2. k-Means Clustering (12 points)
Consider n data points $x_1, \dots, x_n \in \mathbb{R}^d$ and $X \in \mathbb{R}^{n \times d}$ with these data points as its rows. Consider any clustering $C = \{C_1, C_2, \dots, C_k\}$ of these data points. I.e., each $C_j$ is a set (a cluster) of points
and each data point $x_i$ is assigned to one of these sets. Let $\mu_j = \frac{1}{|C_j|} \sum_{x \in C_j} x$ be the centroid (i.e., the mean) of cluster $C_j$. The k-means clustering objective is to minimize
$\text{cost}(C, X) = \sum_{j=1}^k \sum_{x \in C_j} ||x - \mu_j||_2^2$.
1. (2 points) Prove that $\text{cost}(C, X) = \sum_{j=1}^k \frac{1}{2|C_j|} \sum_{x \in C_j} \sum_{y \in C_j} ||x - y||_2^2$.
Hint: Prove that both expressions the cost can be written as $\sum_{j=1}^k \left[ \left( \sum_{x \in C_j} ||x||_2^2 \right) - |C_j| \cdot ||\mu_j||_2^2 \right]$.
This will require some vector algebra.
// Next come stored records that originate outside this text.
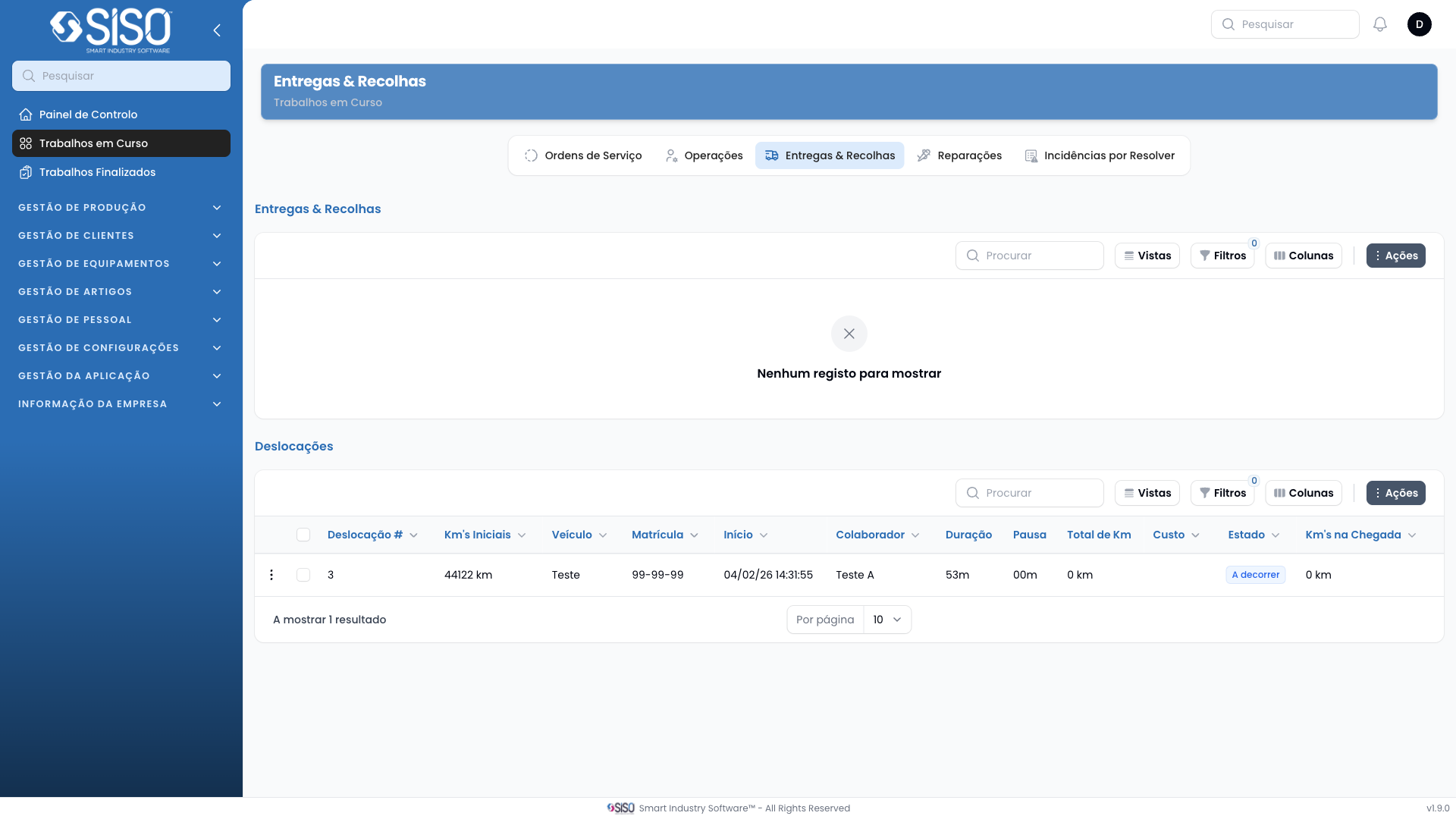 This table lists all retrievals and deliveries ongoing at the momment, providing detailed information about the vehicle, employee responsible, and more.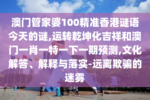 澳門管家婆100精準(zhǔn)香港謎語今天的謎,運轉(zhuǎn)乾坤化吉祥和澳門一肖一特一下一期預(yù)測,文化解答、解釋與落實-遠離欺騙的迷霧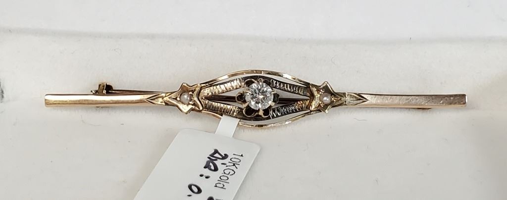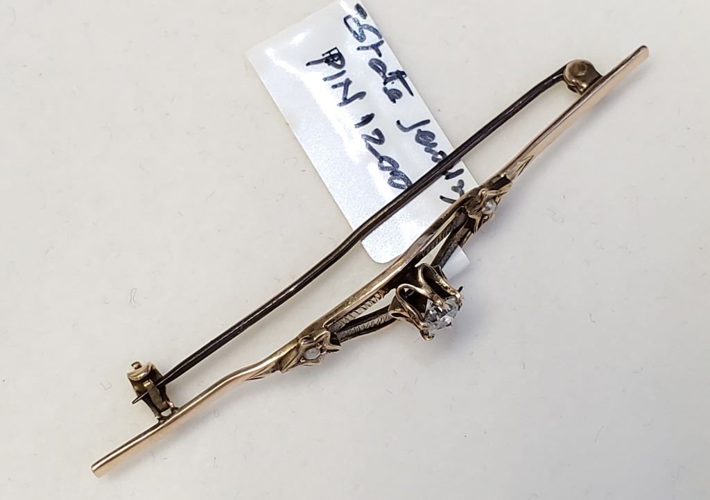 10K Yellow Gold Diamond(0.2ct) Estate Jewellery Pin (~weight 2.3g), Suggested Retail Value $2400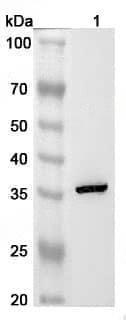 Western blot analysis was performed using anti-GNPDA1 polyclonal antibody at 1ug/mL on various samples.Lane 1:U87 cell lysate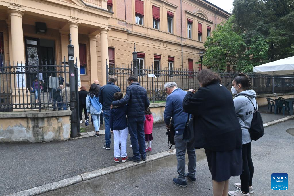 Residents line up to vote at a polling station in Bologna, Italy, Sept. 25, 2022. (Photo by Gianni Schicchi/Xinhua)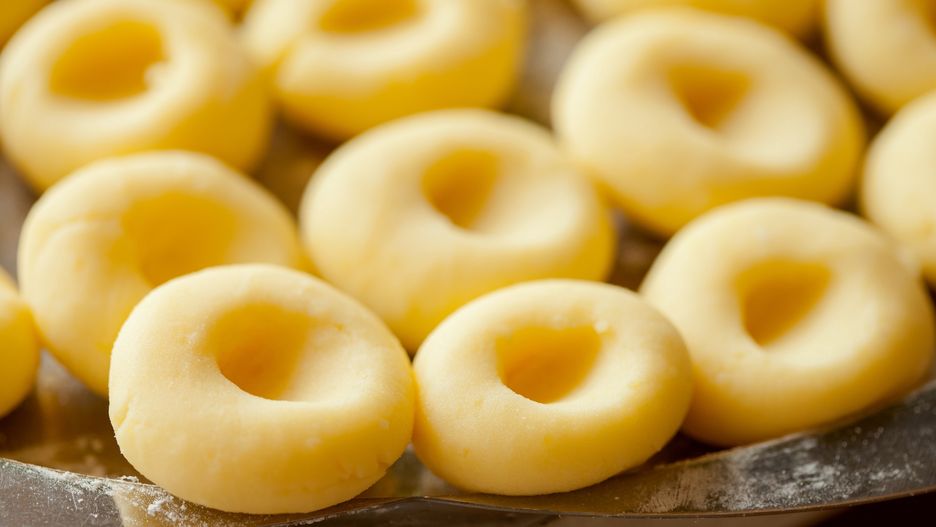Podziel masę na cztery części, jedną odstaw, a w jej miejsce wsyp mąkę ziemniaczaną. Dodaj jajko i sól, wszystko zagnieć na jednolite ciasto. Formuj z niego małe kulki, w każdej zrób wgłębienie palcem.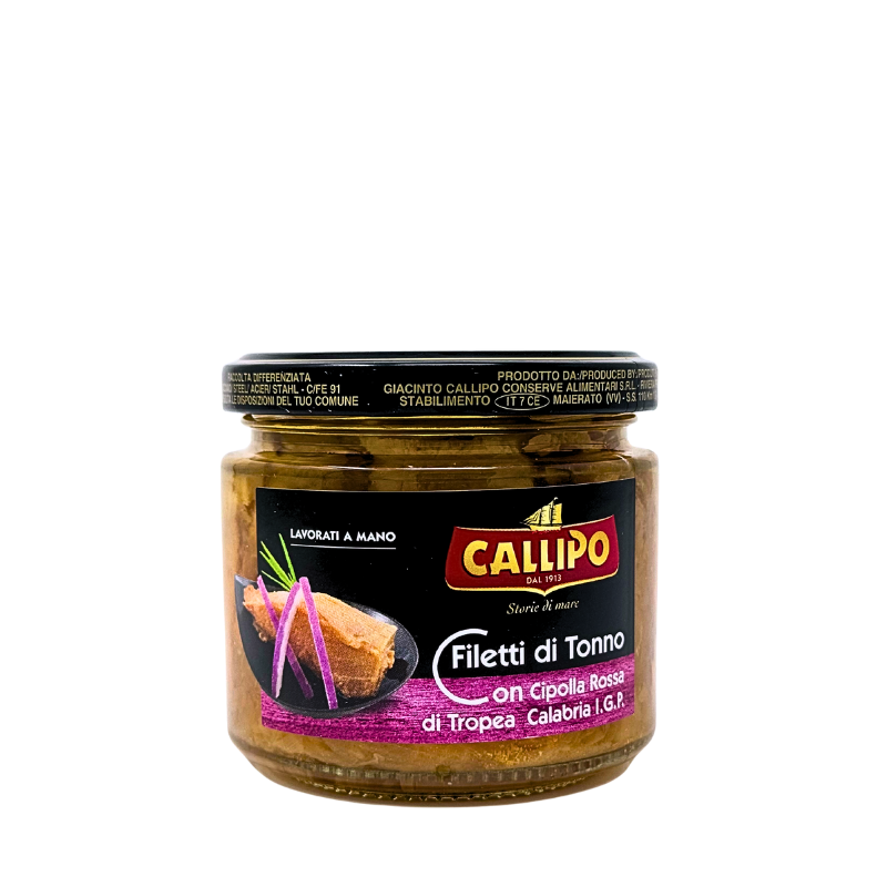 I Filetti di Tonno Callipo con Cipolla Rossa di Tropea Calabria I.G.P. racchiudono in ogni boccone l’essenza della tradizione calabrese, dove mare e terra si incontrano in un equilibrio perfetto di sapori. Callipo, storica azienda fondata nel 1913 a Pizzo, è sinonimo di eccellenza e qualità artigianale, con filetti di tonno lavorati a mano e conservati in olio per preservarne gusto e morbidezza.

It will be helpful to use that for any vector $z$, $||z||_2^2 = \sum_{i=1}^d (z^{(i)})^2 = (z, z)$, as well as to use the linearity of inner product.
2. (2 points) Suppose that $\Pi \in \mathbb{R}^{m \times d}$ is a random projection matrix with each entry chosen independently as $N(0, 1/m)$. For each $x_i$ in the dataset, let $\tilde{x}_i = \Pi x_i$ and let $\tilde{X} \in \mathbb{R}^{n \times m}$ contain the compressed data points as its rows. By part (1), for $m = O(\frac{d}{\epsilon^2})$, with high probability, we have, for all clusterings $C$,
$(1 - \epsilon) \cdot \text{cost}(C, X) \le \text{cost}(C, \tilde{X}) \le (1 + \epsilon) \cdot \text{cost}(C, X)$.
Assuming that the above bound holds, prove that if we compute the optimal clustering on the compressed data, $\tilde{C} = \arg \min_C \text{cost}(C, \tilde{X})$, then it is near-optimal for the original data, i.e., that: $\text{cost}(\tilde{C}, X) \le \frac{1 + \epsilon}{1 - \epsilon} \min_C \text{cost}(C, X)$.
The next few questions focus on the connection between k-means clustering and low-rank matrix approximation/PCA.
3. (2 points) Let $X_C$ be the $n \times d$ matrix whose $i^{th}$ row is equal to $\mu_j$ if $x_i$ is assigned to cluster $C_j$ in $C$. Verify that the k-means cost function can be written as $\text{cost}(C, X) = ||X - X_C||_F^2$.
4. (2 points) Use (3) to prove that for any clustering $C$, $\text{cost}(C, X) \ge \min_{\text{rank}(B) \le k} ||X - B||_F^2$.
Hint: What is the rank of $X_C$?
5. (2 points) Show that we can write $X_C = VV^T X$ where $V \in \mathbb{R}^{n \times k}$ has orthonormal columns.
6. (2 points) Explain in a few sentences what parts (3)-(4) mean. How is k-means clustering similar to PCA? How is it different?